Why Does Ping to pop3.sina.net Pause for 15 Seconds? A DNS Troubleshooting Walkthrough

Yesterday a colleague reported an abnormal connection to our POP service for a telecom user. When I pinged the service from an Alibaba Cloud ECS instance, the connection reached the telecom VIP address, but the first frame to the second was unusually slow—about 15 seconds—while the overall ping latency averaged only 15 ms.

Suspecting the ping tool itself, I captured traffic with tcpdump:

$ tcpdump -s 0 -i eth1 host 49.7.36.125 -w 11-17-ping1.pcap

The capture showed that each ICMP request and response was fast, but after the second packet there was a 15‑second gap before the third packet arrived.

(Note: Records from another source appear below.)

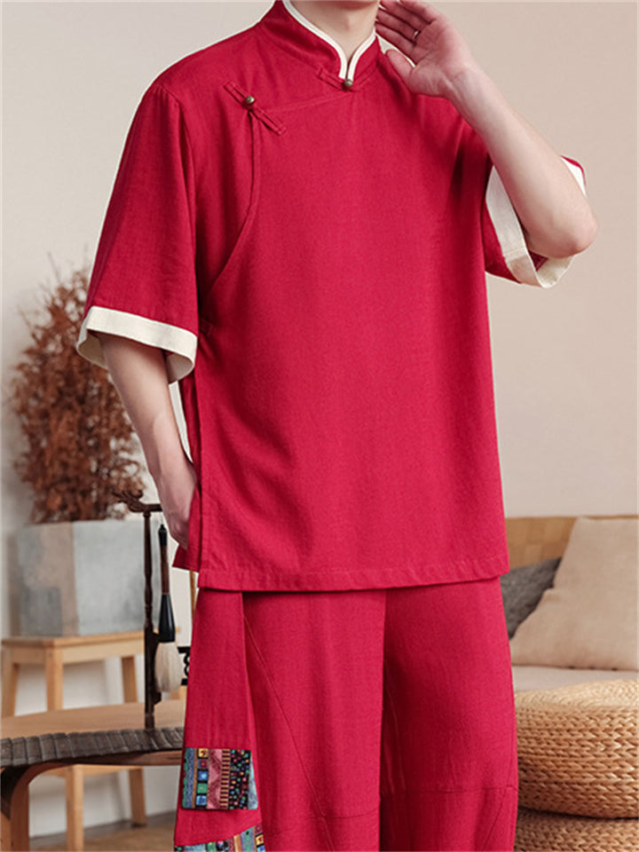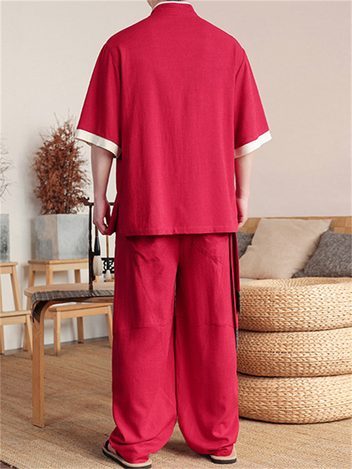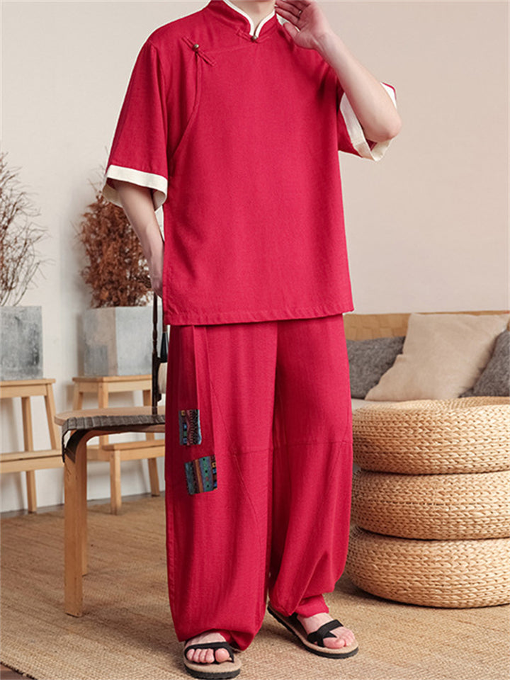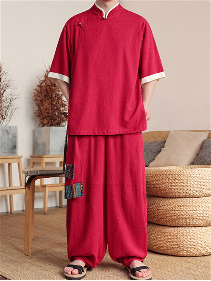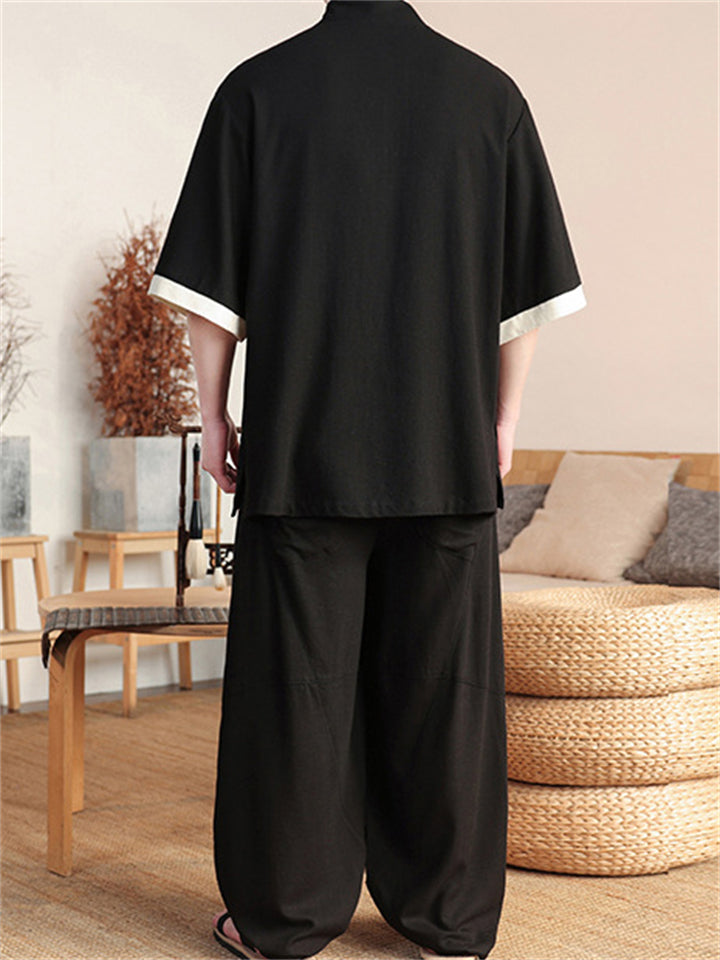 Ethnic Style Slant Opening Plate Buttons Linen Tops and Wide Leg Pants Set for Men
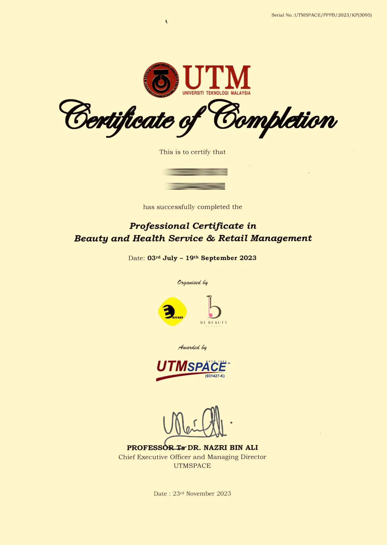 Through this strategic partnership, students enrolled in our Professional Certificate in Beauty and Health Service & Retail Management receive the best of both worlds: practical, hands-on training from Be Beauty Academy's industry experts, backed by the academic quality assurance of UTMSPACE (Universiti Teknologi Malaysia).
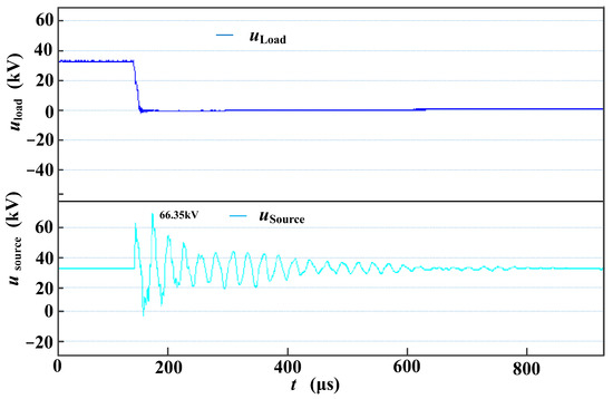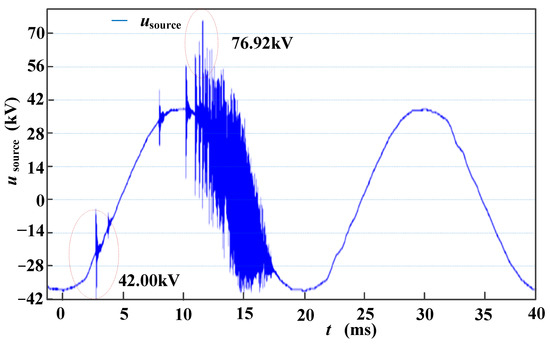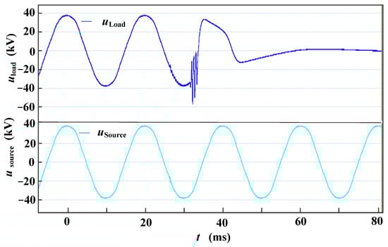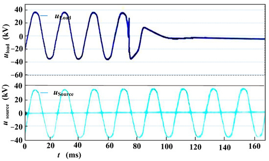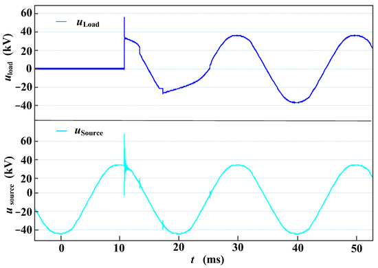 After raising the pantograph and contacting the bow net, a power frequency voltage appears on the power supply side of the circuit breaker (see Figure 16 Usource). After closing, the load side of the circuit breaker maintains the power frequency voltage, and the voltage waveform is shown as Uload in Figure 16.

To investigate further I ran strace on the ping command:

$ strace -e trace=network -o 11-17-1.log -Tt ping pop3.sina.net -c 2

The strace output (see image) confirmed that the ICMP packets were exchanged quickly, but a large amount of time was spent in DNS resolution. The local Alibaba Cloud DNS servers (10.202.72.118 and 10.202.72.116) were queried to resolve pop3.sina.net to 49.7.36.125.

When I pinged the IP address directly, the command finished instantly:

$ strace -e trace=network -o 11-17-2.log -Tt ping 49.7.36.125 -c 2

Similarly, pinging www.baidu.com was fast, indicating that the problem lay with DNS rather than the ping implementation.

I captured DNS traffic with tcpdump for both the ping and a dig query:

$ tcpdump -s 0 -i eth0 port 53 -w 11-17-dns2.pcap   # ping pop3.sina.net
$ tcpdump -s 0 -i eth0 port 53 -w 11-17-dns3.pcap   # dig -t a pop3.sina.net

The dig capture was simple and fast, while the ping capture showed many DNS‑related delays.

After switching the local DNS to Google’s 8.8.8.8, both ping and dig responded instantly, confirming that the slowdown was caused by the Alibaba Cloud local DNS (or our corporate DNS server) rather than the network itself.

Thus, the culprit appears to be slow DNS resolution, not the ping tool or the underlying network.